Rumination disorder treatment for adults primarily focuses on Diaphragmatic Breathing techniques, also known as behavioral retraining. Unlike acid reflux treatments, this specialized breathing method relaxes the diaphragm and tightens the lower esophageal sphincter after eating. This prevents the increase in intra-abdominal pressure that triggers regurgitation, effectively retraining the body’s automatic digestive response.
What is Rumination Disorder in Adults?
Rumination disorder is a functional gastrointestinal condition characterized by the repetitive, effortless regurgitation of recently ingested food into the mouth. Unlike vomiting, which is forceful and often accompanied by nausea, rumination is often described as a reflexive action where food is brought back up, re-chewed, re-swallowed, or spat out. For many adults, this condition is chronic, misunderstood, and frequently misdiagnosed, leading to years of unnecessary medical interventions.
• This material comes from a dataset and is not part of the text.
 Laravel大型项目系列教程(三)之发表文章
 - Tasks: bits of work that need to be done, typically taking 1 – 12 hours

In the context of the New Zealand healthcare system, we are seeing an increasing awareness of this condition, particularly distinguishing it from standard eating disorders like Bulimia Nervosa or physiological issues like Gastroparesis. While it is classified under Feeding and Eating Disorders in the DSM-5, the underlying mechanism in adults is often an acquired behavioral habit involving the involuntary contraction of the abdominal wall muscles. This contraction increases gastric pressure, forcing the stomach contents upward against a relaxed lower esophageal sphincter.

How to Distinguish Rumination from Reflux (GERD)?
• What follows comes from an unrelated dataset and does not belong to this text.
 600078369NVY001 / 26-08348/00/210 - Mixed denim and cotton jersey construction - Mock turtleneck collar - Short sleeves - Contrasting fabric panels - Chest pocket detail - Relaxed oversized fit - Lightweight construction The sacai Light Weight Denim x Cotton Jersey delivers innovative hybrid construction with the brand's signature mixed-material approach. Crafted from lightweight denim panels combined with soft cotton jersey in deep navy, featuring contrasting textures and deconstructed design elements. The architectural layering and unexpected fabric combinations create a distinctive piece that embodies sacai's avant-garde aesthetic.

One of the most critical steps in securing effective rumination disorder treatment for adults is accurately distinguishing the condition from Gastroesophageal Reflux Disease (GERD). In New Zealand primary care settings, patients often present with “reflux” symptoms and are prescribed proton pump inhibitors (PPIs) such as Omeprazole. However, for rumination disorder, these medications are largely ineffective because the mechanism is behavioral, not acid-related.
Key Differences in Symptoms
The distinction lies in the timing and the nature of the regurgitated material:
- Taste and Texture: In rumination disorder, the food comes up undigested and often tastes similar to how it did when swallowed. It is generally not acidic or bitter. In contrast, GERD involves acidic, partially digested liquid that causes a burning sensation (heartburn).
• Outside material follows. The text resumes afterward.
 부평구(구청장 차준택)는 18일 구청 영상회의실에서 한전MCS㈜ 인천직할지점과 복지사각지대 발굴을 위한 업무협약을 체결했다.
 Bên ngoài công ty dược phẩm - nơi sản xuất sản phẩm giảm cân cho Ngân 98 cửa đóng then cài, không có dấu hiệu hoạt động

- Timing: Rumination typically occurs within 15 to 30 minutes of starting a meal. It happens while eating or immediately after. GERD episodes can happen hours later, often when lying down or sleeping at night.
- Effort and Nausea: Rumination is effortless and rarely accompanied by nausea or retching. It is a distinct physical sensation of food reversing course. Vomiting or severe reflux often involves significant physical distress and nausea.
- Response to Medication: If you have been adhering to a high dose of acid-suppression medication prescribed by your GP without any reduction in regurgitation volume, this is a strong clinical indicator of rumination disorder rather than refractory GERD.
Understanding these nuances is vital. Misdiagnosis leads to frustration and potential side effects from unnecessary long-term medication use. If your symptoms align more with the effortless regurgitation of fresh food, it is essential to discuss this specifically with your healthcare provider.
Behavioral Breathing Techniques for Recovery
The cornerstone of rumination disorder treatment for adults is diaphragmatic breathing. This is not merely a relaxation exercise; it is a physiological intervention designed to mechanically prevent the regurgitation reflex. When performed correctly, this technique increases the pressure at the esophagogastric junction, effectively creating a barrier that stops food from traveling upward.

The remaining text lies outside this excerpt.